WTIF-FM
- Omega, Georgia; United States;
- Broadcast area: Tifton, Georgia
- Frequency: 107.5 MHz

Programming
- Format: Silent

Ownership
- Owner: Journey Church of Tifton, Inc.
- Sister stations: WFFM, WTIF

History
- First air date: April 1993
- Former call signs: WXJF (July 12, 1990-August 30, 1991) WQBX (August 30, 1991-May 10, 1993)

Technical information
- Licensing authority: FCC
- Facility ID: 63841
- Class: A
- ERP: 6,000 watts
- HAAT: 100 meters
- Transmitter coordinates: 31°27′17.00″N 83°33′37.00″W﻿ / ﻿31.4547222°N 83.5602778°W

Links
- Public license information: Public file; LMS;

= WTIF-FM =

WTIF-FM (107.5 FM) is a radio station licensed to Omega, Georgia, United States.

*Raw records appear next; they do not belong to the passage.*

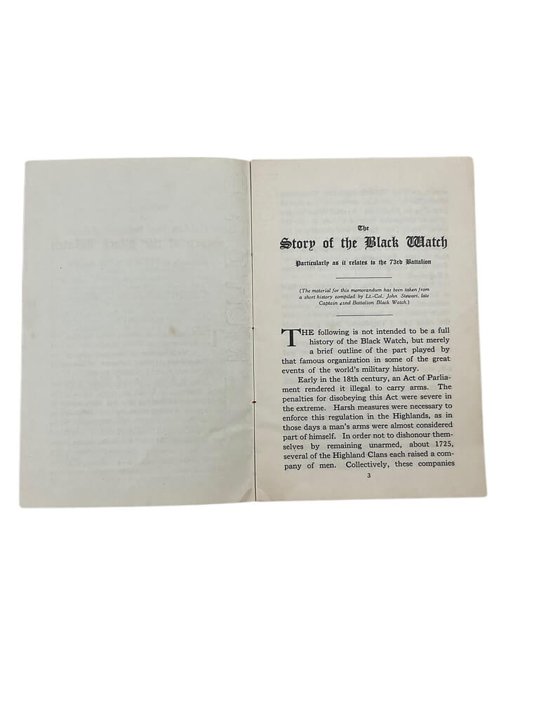 This compelling reference book presents an in-depth account of the WW1 Canadian CEF 73rd Battalion, known as the Black Watch. This used softcover edition is rich in historical detail, providing an informative narrative about the battalion’s significant role during World War 1. It delves into the trials, triumphs, and sacrifices made by these brave Canadian soldiers. The book is a must-read for military history enthusiasts, offering a deeper understanding of Canada’s contribution to the First World War. Its contents are meticulously researched, featuring historical accounts, personal stories, and strategic analysis that make the reader appreciate the complexity of wartime dynamics. Despite being a used book, it is in excellent condition, ensuring an unspoiled journey through pages of history. This book is a valuable addition to any history aficionado’s collection, offering a unique perspective on the Black Watch battalion. Total of 14 pages.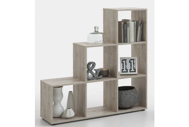 Regál so 6 priehradkami môže byť umiestnený k stene alebo voľne v priestore. Vyrobený v dekore pieskový dub.
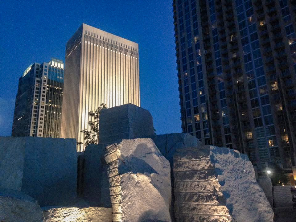 Coming from a South Dakota town, all the tall buildings were an exciting enough view and landscape for us. We come across several lovely parks or sitting areas with more fountains and water features. This helped make our walk manageable and allowed us to not overexert ourselves.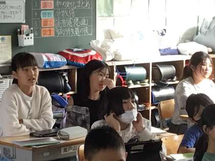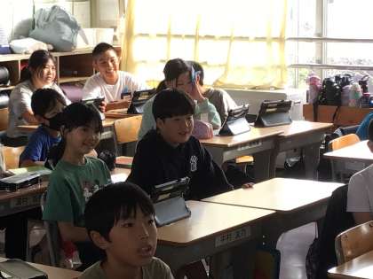 5年1組さんでは、午前中に見た「うりんこ」のみなさんの動画をみんなで見ていました。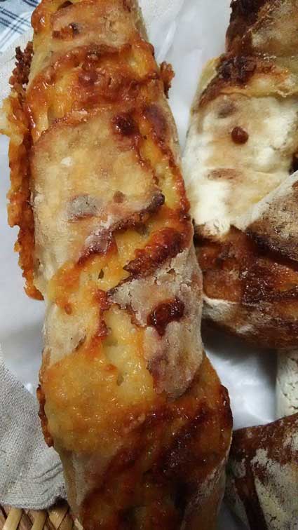 パリパリに焦げたチーズのバゲット

The station is currently owned by Journey Church of Tifton, Inc.

==History==
The station received its first call sign, WXJF, on July 12, 1990. On August 30, 1991, the station changed its call sign to WQBX, and on May 10, 1993 to the current WTIF-FM.

WTIF-FM had been airing a Country music format. On July 6, 2022, WTIF-FM ceased operations.